How Moov approaches setup and testing

In November of last year, a significant Federal Reserve processing glitch impacted around 900,000 payment transactions across three major US banks. What’s worse is it occurred on a payday, disrupting the direct deposit of wages and resulting in widespread inconvenience and stress.

Incidents like this highlight the critical importance of reliability in payment processing. In what follows, we’ll discuss Moov’s commitment to testing and how we’ve designed our payments platform with reliability and testability in mind.

Moov’s rigorous requirements

When we first began conceiving and building our payments platform, we had very specific requirements for our setup:

• We wanted to run the entire stack as close to staging and production environments as possible—meaning our setup had to mirror the challenges and complexities of the real world.

• We needed our setup to be fully automated and running in Continuous Integration to enforce consistency across engineers, features, configuration, testing, etc.

• We wanted versioned changes and reproducible builds to allow engineers to easily share a feature or fix on a branch.

Making all of this happen is no small feat, but it was necessary. As to how we’ve made it a reality, here’s a closer look at the key components of our dev setup and how they fulfill our requirements:

Testability from the “get Go”

It all begins with our choice of programming language, Go. Of course, we use Go for a lot of reasons: it’s open source, prioritizes readable code, and has excellent libraries. Go also has a built-in testing framework that’s fantastic at facilitating the writing of efficient, concise test cases. This framework supports unit testing across different platforms and integrates seamlessly with our Continuous Integration (CI) setup, ensuring consistent test results across all engineering workstations. In other words, it helps us avoid the dreaded “works on my machine” syndrome.

This approach has not only helped identify potential issues early, but it has also significantly enhanced the onboarding process for new engineers, providing them with a comprehensive, hands-on experience from day one.

Microservice architecture

Moov’s platform has approximately 90 Go microservices, each responsible for a distinct aspect of our payment processing pipeline. This microservice architecture, managed through Docker Compose (more on this below), facilitates modular development and testing, allowing for more granular control and faster iteration on specific platform features. Docker images allow us to replicate deployment with Kubernetes in staging and production.
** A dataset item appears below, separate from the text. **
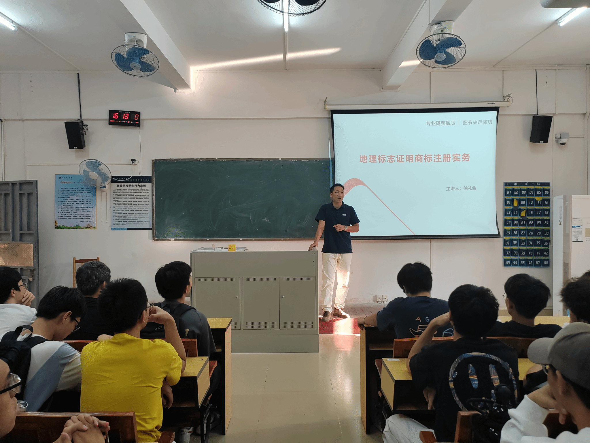 活动伊始,徐礼金副经理发表了热情洋溢的开场致辞。他强调,地理标志作为地方特色产品的“身份证”和“名片”,对于提升产品竞争力、促进地方经济发展具有重要意义。然而,当前地理标志领域的人才短缺问题日益凸显,因此,加强地理标志人才的培养显得尤为重要。随后,徐礼金副经理围绕地理标志的基本概念、申请与审查流程、保护策略与运用实践等方面进行了深入浅出的讲解。并结合国内外地理标志工作的成功案例,生动形象地展示了地理标志在推动区域经济发展中的重要作用。同时,还就如何运用信息技术手段提升地理标志的保护和管理水平进行了深入探讨,通过模拟申请地理标志、分析地理标志侵权案例等互动环节,让同学们得以将所学知识应用于实践中,进一步加深了同学们对地理标志工作的理解和认识。

Docker Compose environment

We leverage Docker Compose to orchestrate our Docker containers in testing, which enables the replication of our application stack on all developer laptops. This approach ensures that all services are built and deployed in isolation, which significantly reduces the chances of environmental inconsistencies causing runtime errors. By specifying service dependencies and health checks within docker-compose, we establish a robust, inter-service communication protocol that closely replicates our production environment.

Event-driven architecture

Moov captures every action on the system as an event. We use a Kafka-compatible broker called Redpanda as an eventing system to store and distribute events across the platform. Eventing allows Moov to handle traffic spikes with flexibility, ensures at-least-once delivery (so your payments always complete), and it gives us the ability to replay events.

docker-compose.yml

  kafka1:
    image: docker.redpanda.com/vectorized/redpanda:v22.3.21
    container_name: kafka1
    healthcheck:
      {
        test: curl -f localhost:9644/v1/status/ready,
        interval: 1s,
        start_period: 30s,
      }
    volumes:
      - redpanda-0:/var/lib/redpanda/data
    networks:
      - intranet
    ports:
      - 18081:18081
      - 18082:18082
      - 19092:19092
      - 19644:9644
    command:
      - redpanda
      - start
      - --kafka-addr internal://0.0.0.0:9092,external://0.0.0.0:19092
      - --advertise-kafka-addr internal://kafka1:9092,external://localhost:19092
      - --pandaproxy-addr internal://0.0.0.0:8082,external://0.0.0.0:18082
      - --advertise-pandaproxy-addr internal://kafka1:8082,external://localhost:18082
      - --schema-registry-addr internal://0.0.0.0:8081,external://0.0.0.0:18081
      - --rpc-addr kafka1:33145
      - --advertise-rpc-addr kafka1:33145
      - --smp 1
      - --memory 1G
      - --mode dev-container
      - --default-log-level=info

  topics:
    image: docker.redpanda.com/vectorized/redpanda:v22.3.21
    depends_on:
      kafka1:
        condition: service_healthy
    networks:
      - intranet
    command:
      - topic
      - --brokers kafka1:9092
      - create
      - cron.cmd.v1
      - transfers.ach.cmd.v1

Isolated databases

At the heart of Moov’s platform-dev environment lies a MySQL database instance running with separate databases for each service. This allows each service to have autonomy over the tables, indexes, and data it stores without impacting other services. Isolating each service’s database also provides an additional layer of security by ensuring each service’s data is inaccessible to the others.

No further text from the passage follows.